▸ **PROMPT**
Lower down are entries containing pictures. Copy exactly, without those pictures, the lines from the line with "Koblingshake av presstøpt" through the line with "Pour aider le".

▸ **RECORDS FOR PROCESSING**
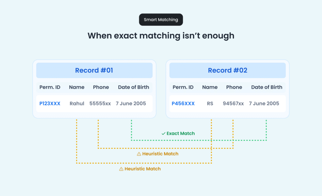 Exact matching, like the above, is just the starting point. Real-world data is messy. Phone numbers have typos, names are spelled differently across systems, and the same person might be “Rahul Sharma” in one record and “R S” in another. For cases like these, the system goes deeper. It looks at multiple signals together, whether IDs match, whether age and phone numbers are consistent, and even whether names are approximately the same. Only when enough signals align does it treat two profiles as the same person.
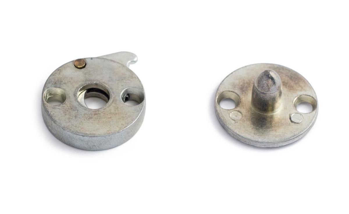 Koblingshake av presstøpt zamakmetall. Fjærbelastet låsing.
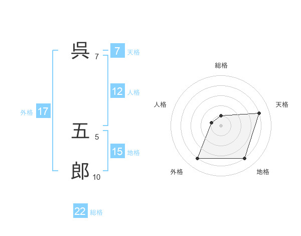 呉 五郎さんの総格は22画の1点!
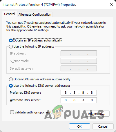 - Under that, provide the 8.8.8.8 and 8.8.4.4 addresses respectively.
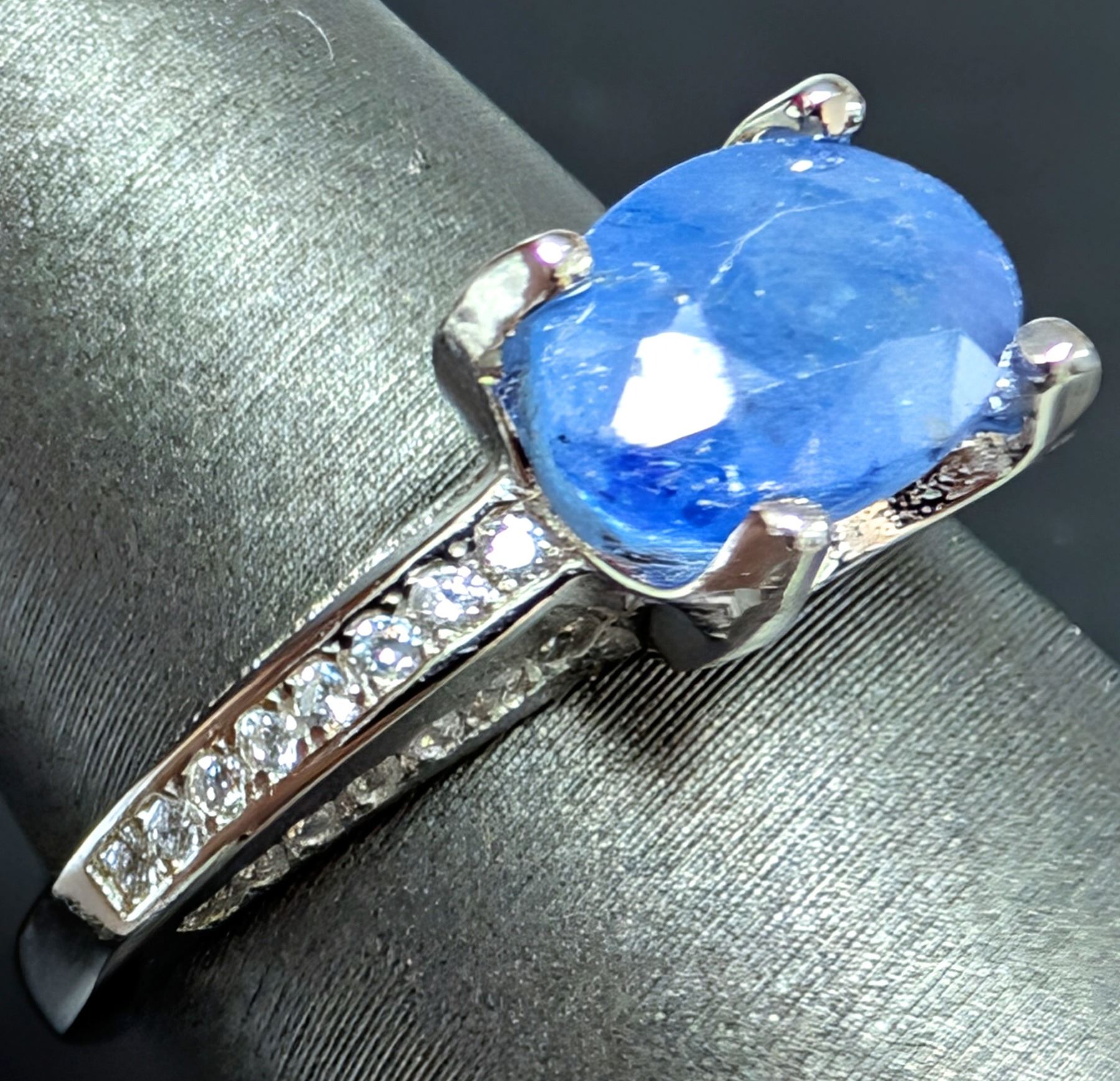 SILVER(3.76G), BLUE SAPPHIRE (2CT) RING, SUGGESTED RETAIL VALUE $300
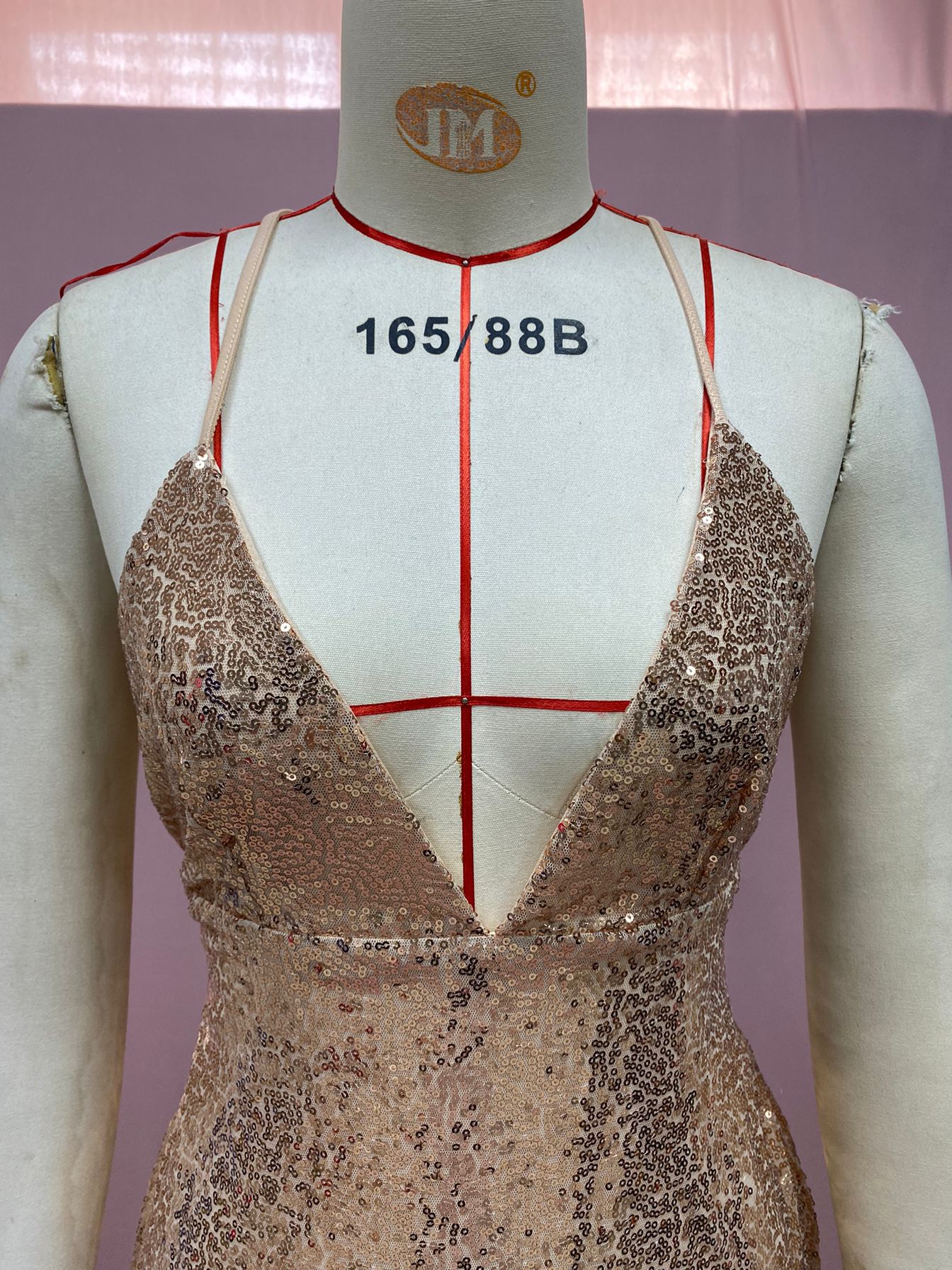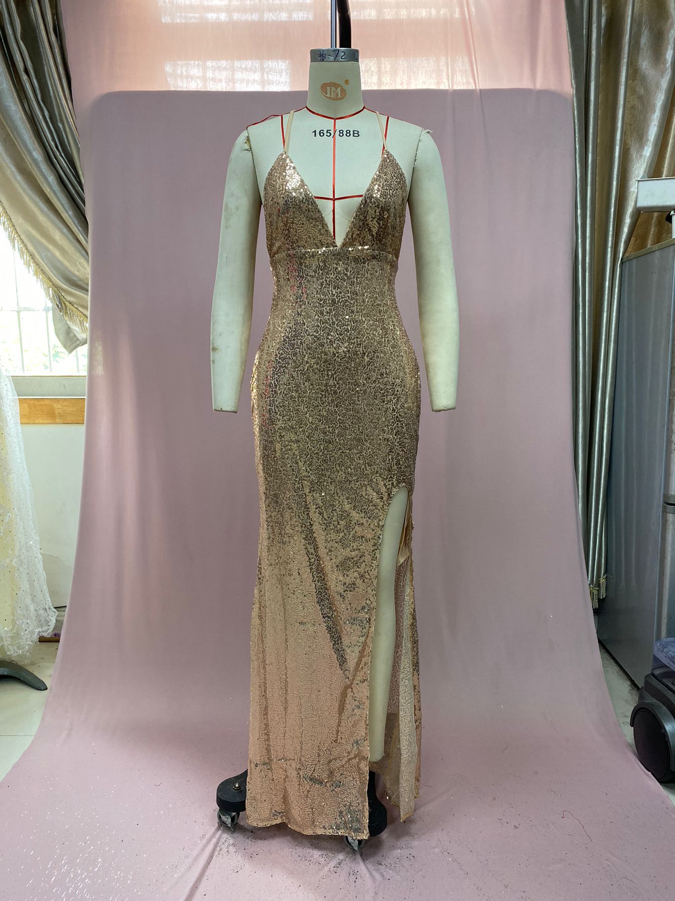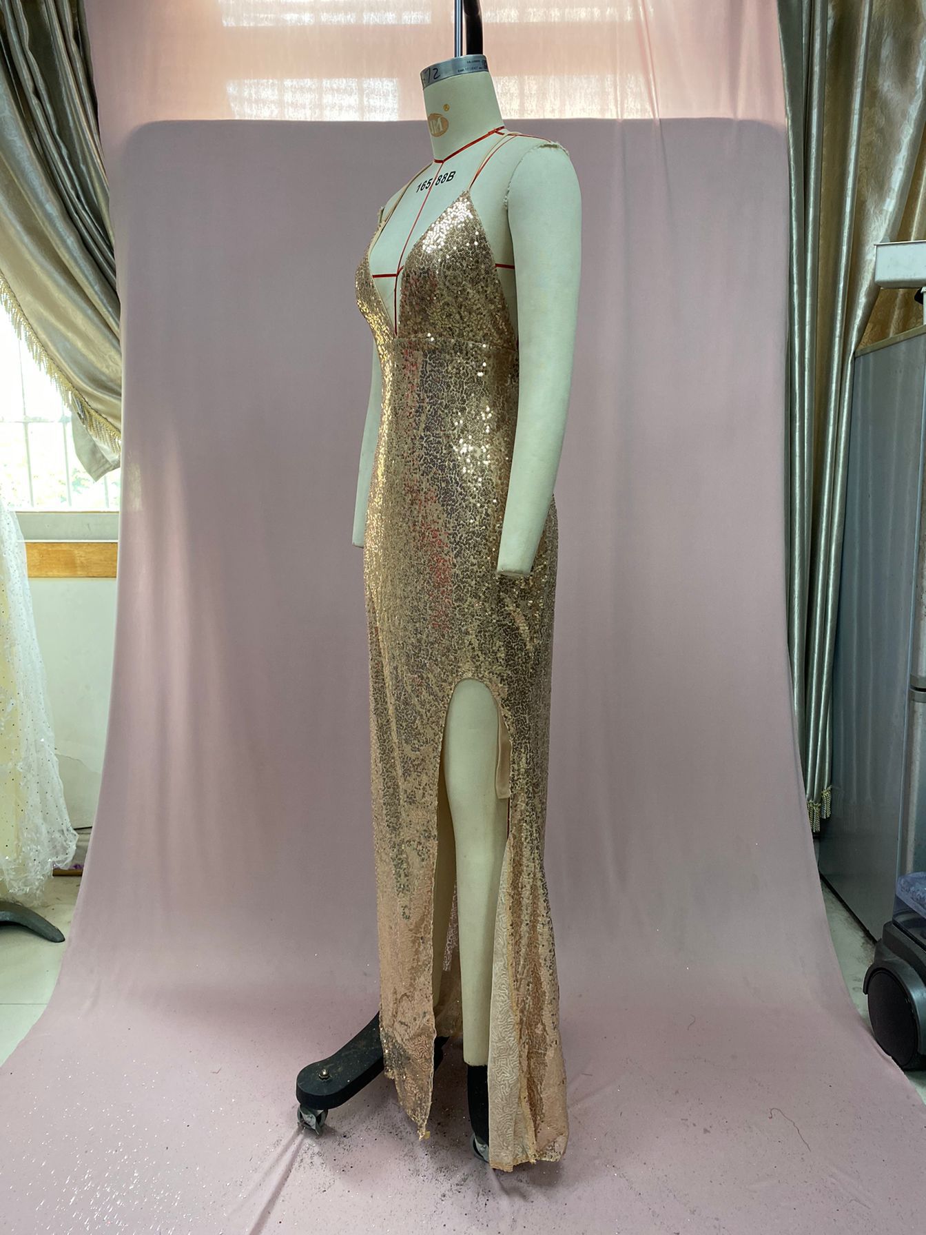 Women Dress Sexy Sequined Fishtail Slit Hip Spaghetti Straps Dress
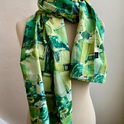Fantastisk tørklæde med rosemotiver i klare pink/rosa nuancer af mærket QD Denmark. Det er kraftigt, 100% polyester og krøller ikke. Meget klare farver - jeg har også et i grønne nuancer.
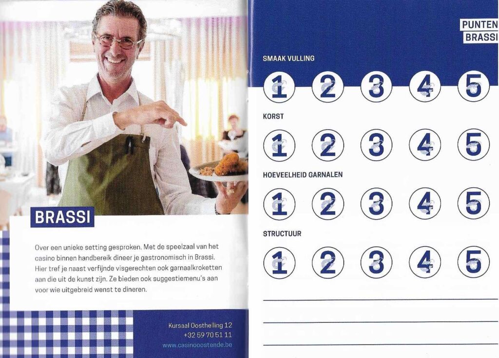 Pour aider le gastronome, les organisateurs ont réalisé un petit livret, offert à chacun à l’entrée. Pour chaque resto en compétition, une page permettait de noter, de 1 à 5, quatre items différents : le goût de la farce, la croûte, la quantité de crevettes et la structure.
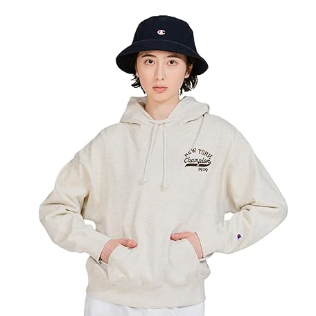 Champion CW-C105 Sweatshirt, Loungewear, Top, Long Sleeve, Round Neck, Relaxed Fit, Graphic Logo, Hooded Sweatshirt, Women's Basic, oatmeal, M
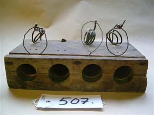 | käyttötapa | Hiirien surmaaminen. Puuosassa oleviin koloihin on laitettu hiirtä haukuttelevaa ruokaa. Ruokaan kiinnitetty lanka on pitänyt alhalla kojen edessä olevia, metallilangasta tehtyjä silmukoita. Hiiren syödessä herkkupalaa, se samalla syö langan poikki, jolloin silmukka ponnahtaa ylöspäin ja hiiri jää kuristuksiin. |
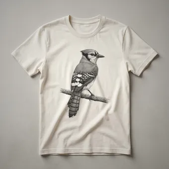 Bird watchers and nature enthusiasts will appreciate this vintage-style graphic tee featuring a detailed line drawing of a blue jay. The blue jay (Cyanocitta cristata) is known for its intelligence and vibrant blue plumage, often found in eastern and central North America. This shirt captures the bird's striking appearance in an artistic, retro aesthetic. It's a staple in the collection for anyone who admires these intelligent corvids. This t-shirt makes a thoughtful gift for the ornithologist in your life or for someone who enjoys wildlife art. Wear this shirt to your next bird-watching excursion or casual outing to express your passion for feathered friends. The design is printed on a comfortable tee, making it a go-to for everyday wear. This apparel is a conversation starter.
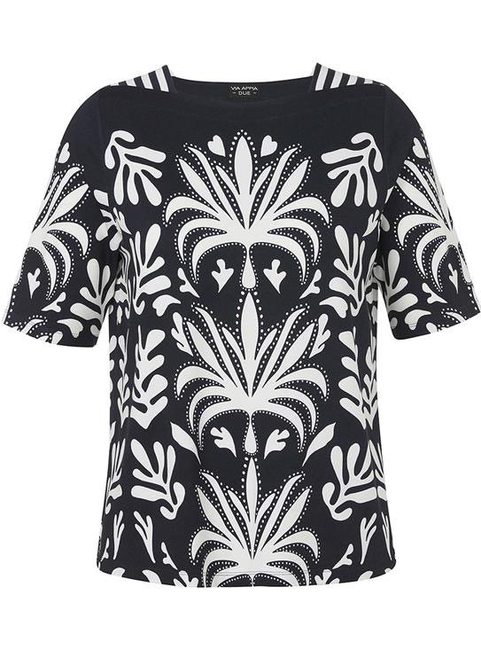 T-shirt van Via Appia Due met een vierkante halslijn en korte mouwen
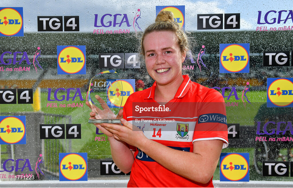 5 August 2019; Player of the Match Katie Quirke of Cork with her award following the All-Ireland Ladies Football Minor A Championship Final match between Cork and Monaghan at Bord na Móna O'Connor Park in Tullamore, Offaly. Photo by Piaras Ó Mídheach/Sportsfile
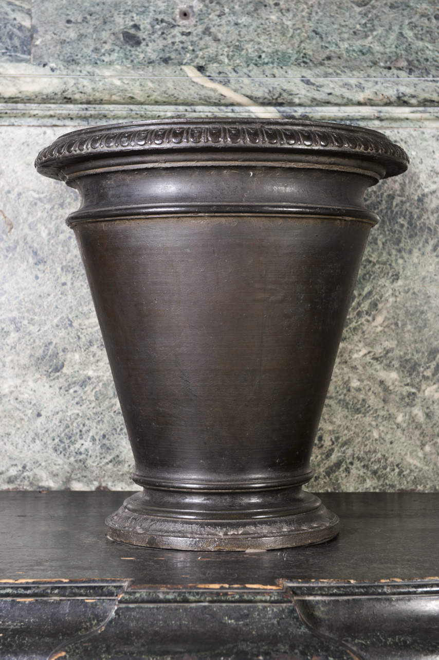 Vaso a mortaio in bronzo, di medie dimensioni, forma troncoconica, con base liscia e bocca ornata con decorazione a ovoli e dardi
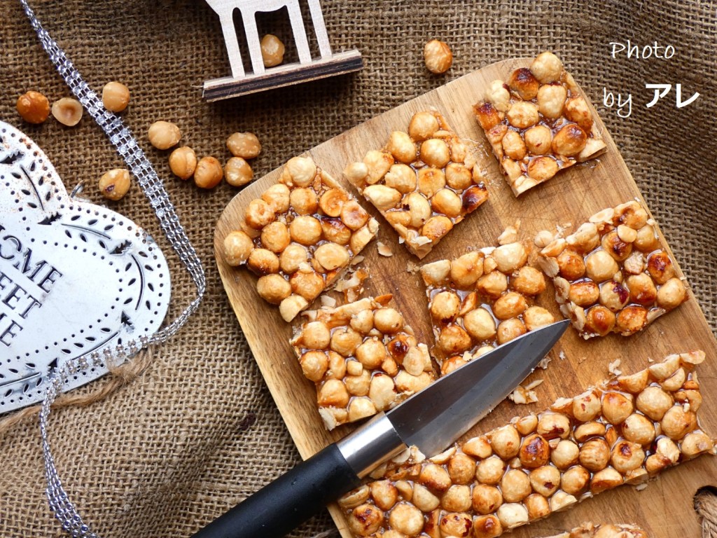 Versare lo zucchero in un padellino antiaderente col fondo spesso ed unire l’acqua. Far sciogliere lo zucchero a fiamma bassa, fino ad ottenere un composto dal colore ambrato. Versare le nocciole nel caramello e mescolare molto bene. Foderare uno stampo quadrato o rettangolare con carta di forno unta con l’olio e livellare bene in modo che non ci siano nocciole sovrapposte. Far raffreddare e rapprendere il composto in luogo fresco. Una volta pronto e ben duro, spostare su di un tagliere e con un coltello affilato tagliare a quadrotti o losanghe

▸ **PROBLEM SOLUTION**
 Koblingshake av presstøpt zamakmetall. Fjærbelastet låsing.
 呉 五郎さんの総格は22画の1点!
 - Under that, provide the 8.8.8.8 and 8.8.4.4 addresses respectively.
 SILVER(3.76G), BLUE SAPPHIRE (2CT) RING, SUGGESTED RETAIL VALUE $300
 Women Dress Sexy Sequined Fishtail Slit Hip Spaghetti Straps Dress
Fantastisk tørklæde med rosemotiver i klare pink/rosa nuancer af mærket QD Denmark. Det er kraftigt, 100% polyester og krøller ikke. Meget klare farver - jeg har også et i grønne nuancer.
 Pour aider le gastronome, les organisateurs ont réalisé un petit livret, offert à chacun à l’entrée. Pour chaque resto en compétition, une page permettait de noter, de 1 à 5, quatre items différents : le goût de la farce, la croûte, la quantité de crevettes et la structure.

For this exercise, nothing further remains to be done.